So if you're sitting at a desk with an internet connection, I don't think you're likely to find this dictionary the most useful resource -- but if you're traveling, it's far too bulky to carry around.
I'm a native English speaker, so I don't need the pronunciations given for the English word, but they look a little odd. They all seem to be given for a particular British dialect, so, e.g., "stair" is shown as two syllables, "ste"+schwa. I checked with a British English speaker who seemed to speak a pretty standard, educated London dialect, and she pronounced "stair" as one syllable. I'm sure the pronunciations given here are correct for some dialect in England -- maybe it's the "received pronunciation" dialect of British English that used to be considered the "Queen's English?" East African users of this dictionary should be aware that many of the pronunciations are nothing like what you would hear in Texas or Scotland, and not even necessarily the same as in London.
It's very big, which is good, but a lot of the words and phrases they offer are useless, and it contains a lot of baffling s*** like "scorched earth policy" and "nuclear waste" that aren't even translated very well.

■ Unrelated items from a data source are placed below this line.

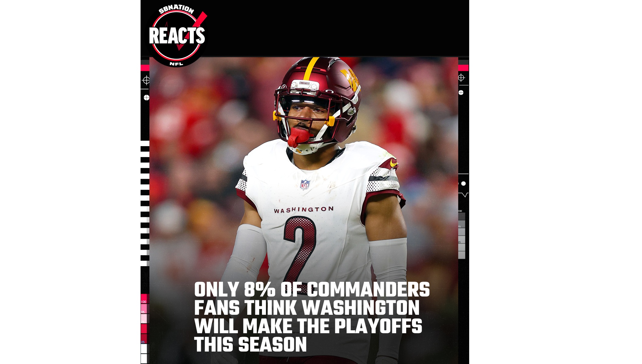 After only 8 weeks of an 18-week season, Commanders fans who answered our Reacts survey this week are almost totally checked out on the possibility of their favorite team making the playoffs or achieving any of the championship goals — division, conference, league — that they hoped for with varying levels of fervor at the start of September.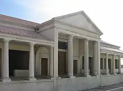 This simple single-storey building consists of a main building with five bays covered with Roman tiles and a pavilion with projections from the same material.[31]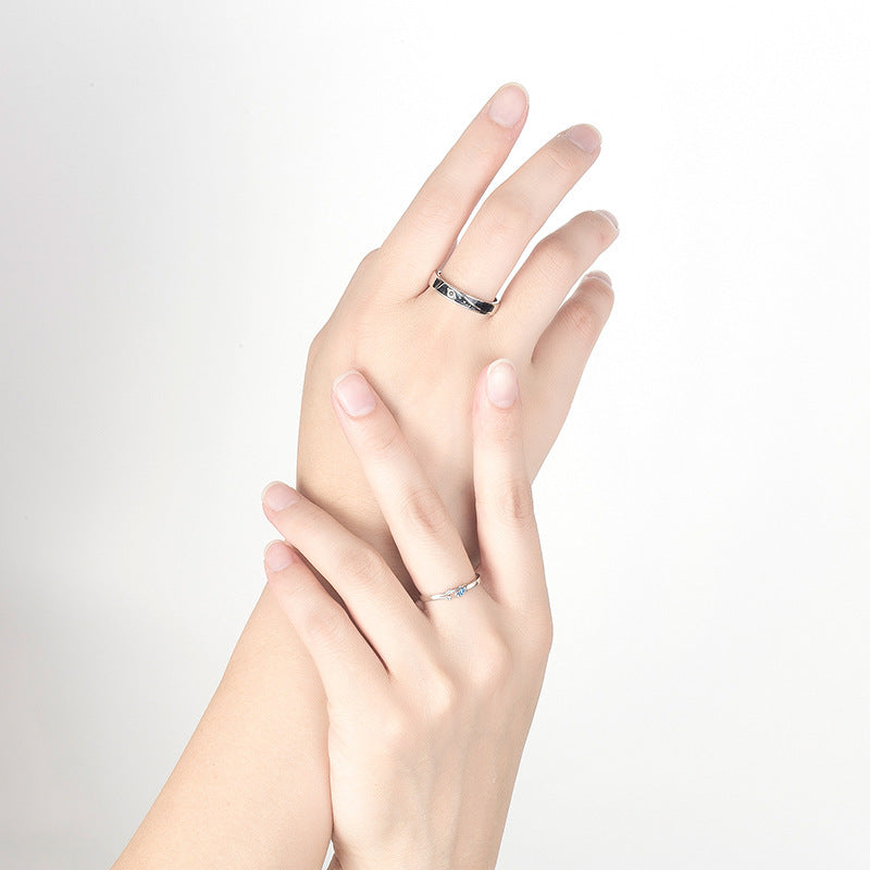Sterling Silver Couple Rings Dream Planet Matching Promise Rings Adjustable Opening To Him And Her Anniversary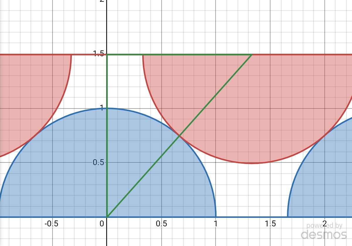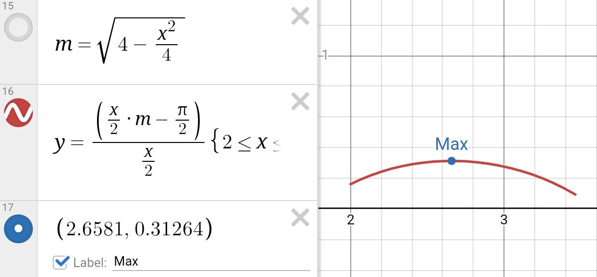 Looking at a rectangle containing 2 of these triangles, its area (again, a cross section of the real 3d situation) is hL/2. Some of this area is taken up by circle parts; exactly π/2. The rest is empty: hL/2 – π/2. We want to normalize this, to correspond to a unit step in the horizontal direction. This gives (hL/2 – π/2)/(L/2). This function has a maximum for about L = 2.6581.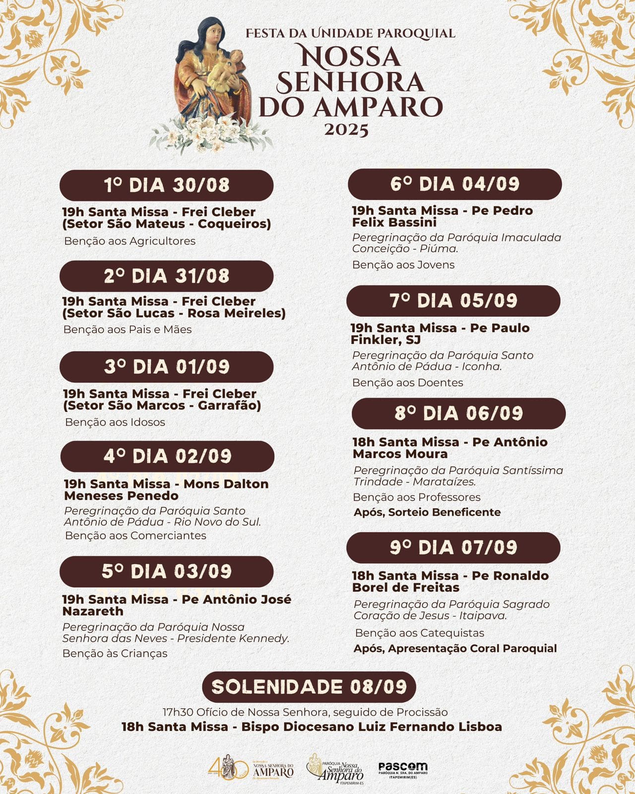A Paróquia Nossa Senhora do Amparo, em Itapemirim, se prepara para celebrar com grande devoção a Festa da Unidade Paroquial em honra a Nossa Senhora do Amparo 2025. O festejo terá início no dia 30 de agosto e seguirá até a Solenidade de 8 de setembro, reunindo fiéis de diversos setores pastorais, comunidades e paróquias vizinhas em momentos de oração, fé e confraternização.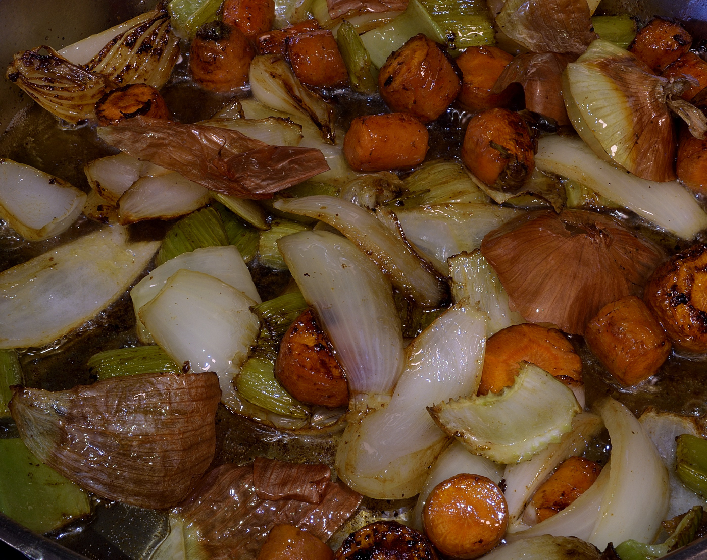 The vegetables should be fully cooked and brown on all surfaces. Patience is key.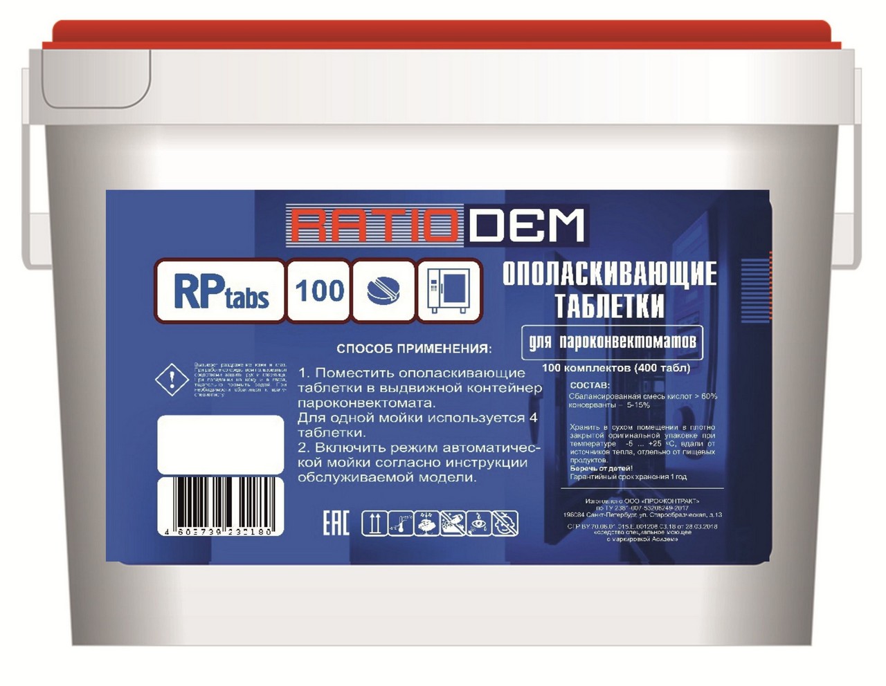 Ополаскивающие таблетки для пароконвектоматов с эффектом декальцинации Ведро 100 таб RatioDem RP tab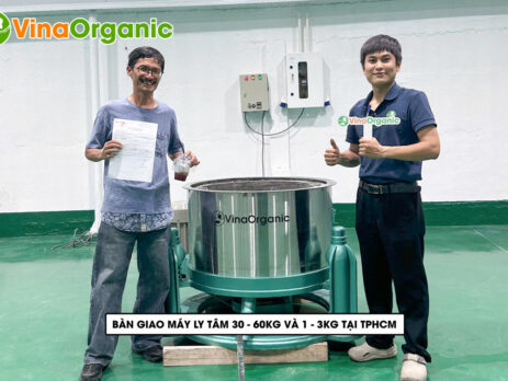 Trong khuôn khổ hợp tác cùng cơ sở sản xuất thực phẩm tại TP.HCM, VinaOrganic đã tiến hành bàn giao, lắp đặt và hướng dẫn vận hành máy ly tâm lồng rời 30–60kg.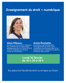 En février, la Formation continue vous invite à deux conférences portant sur des enjeux actuels du droit, de la réhumanisation de l’institution judiciaire à l’enseignement du droit numérique.
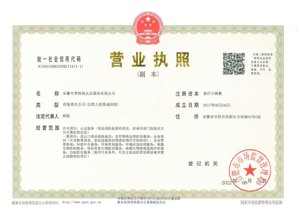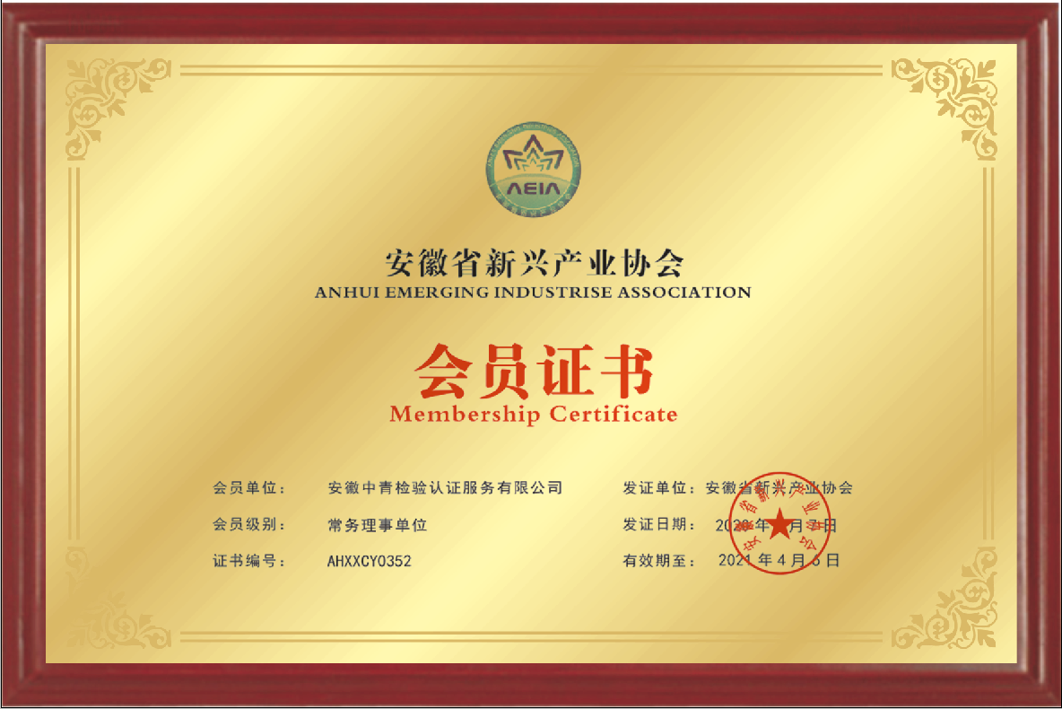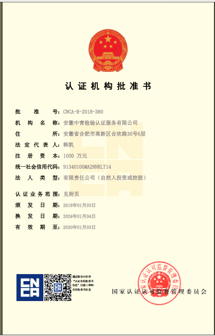 安徽中青檢驗(yàn)認(rèn)證服務(wù)有限公司成立于2017年6月6日,2018年1月3日通過國(guó)家認(rèn)證認(rèn)可監(jiān)督管理委員會(huì)批準(zhǔn),現(xiàn)認(rèn)證領(lǐng)域:質(zhì)量管理體系、環(huán)境管理體系、職業(yè)健康安全管理體系、食品安全管理體系、HACCP管理體系、有機(jī)產(chǎn)品認(rèn)證、良好農(nóng)業(yè)規(guī)范、服務(wù)體系、醫(yī)療器械質(zhì)量管理體系、企業(yè)誠(chéng)信管理體系、食品工業(yè)企業(yè)誠(chéng)信管理體系、食安安徽品牌等類別認(rèn)證。
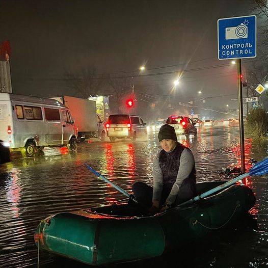 Буга чейин Бишкекте жаандан улам жаралган көлчүктө активист кайык менен жүргөндүгү жазылган.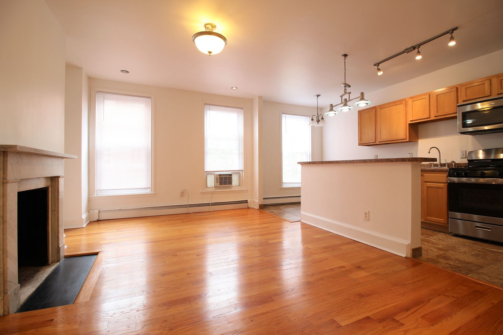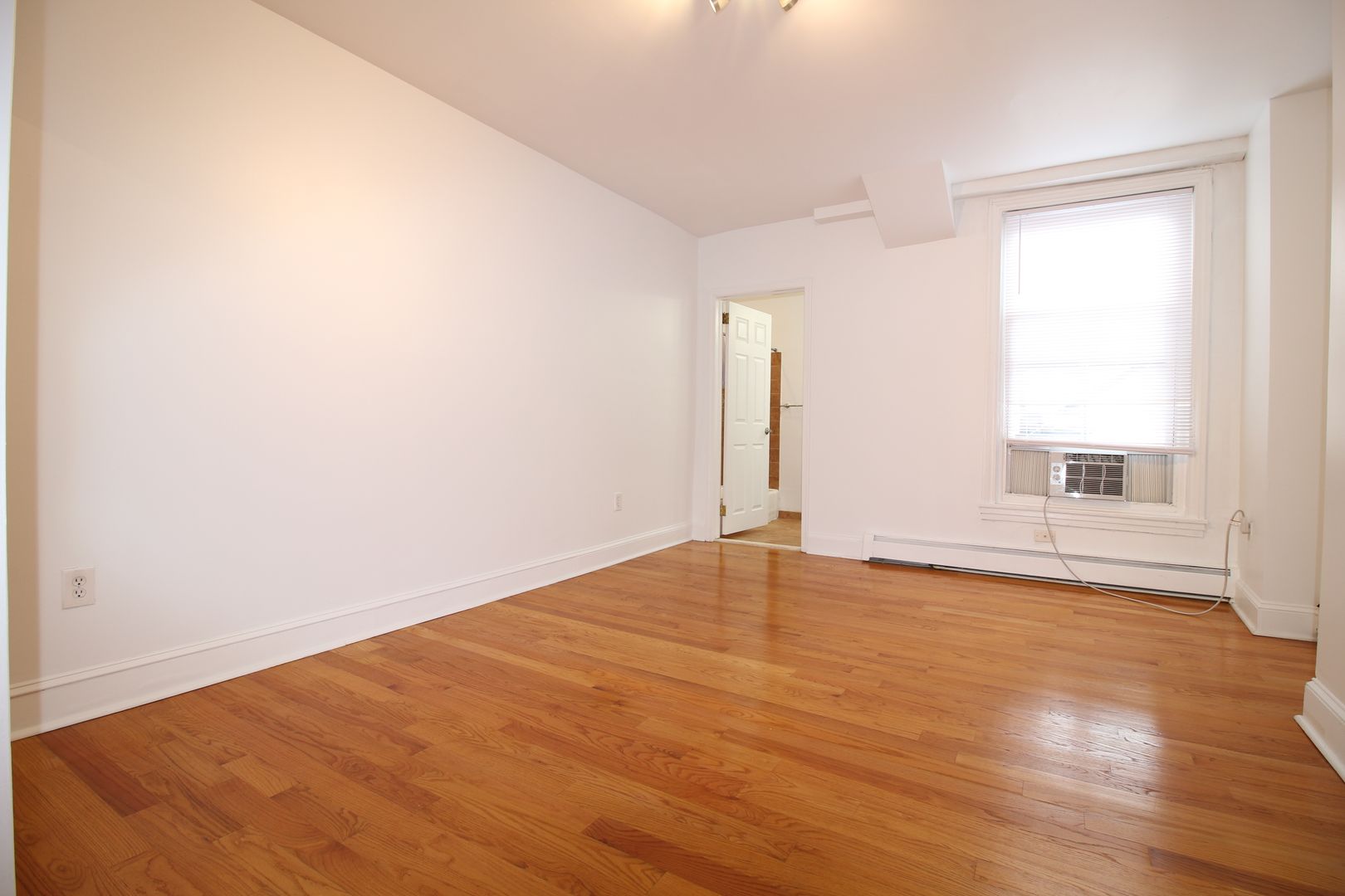 This inviting home features high ceilings, a spacious living room and bedroom, and stunning hardwood floors throughout. The updated kitchen is equipped with modern appliances and finishes, and an A/C unit is included for your comfort.

I'd say more than half of this book is just words that nobody would ever have any use for, but if you're heading off to East Africa to join a militia or fight in a revolution, 5 stars, this is the book you're looking for.
If you're really looking for the best Swahili dictionary in existence, and cost is no issue, Baba Malaika's Friendly Modern Swahili-English Dictionary is the best in existence. Unfortunately it was published by an African publisher nearly 20 years ago and is now out of print. It can be difficult to find.
My biggest criticism--and it is a big criticism, for the price of this dictionary--is that there is no indication of noun classes. This is one area of the language that I am struggling with and it would have been very helpful to include with each word, seeing as it is such a fundamental aspect of Kiswahili.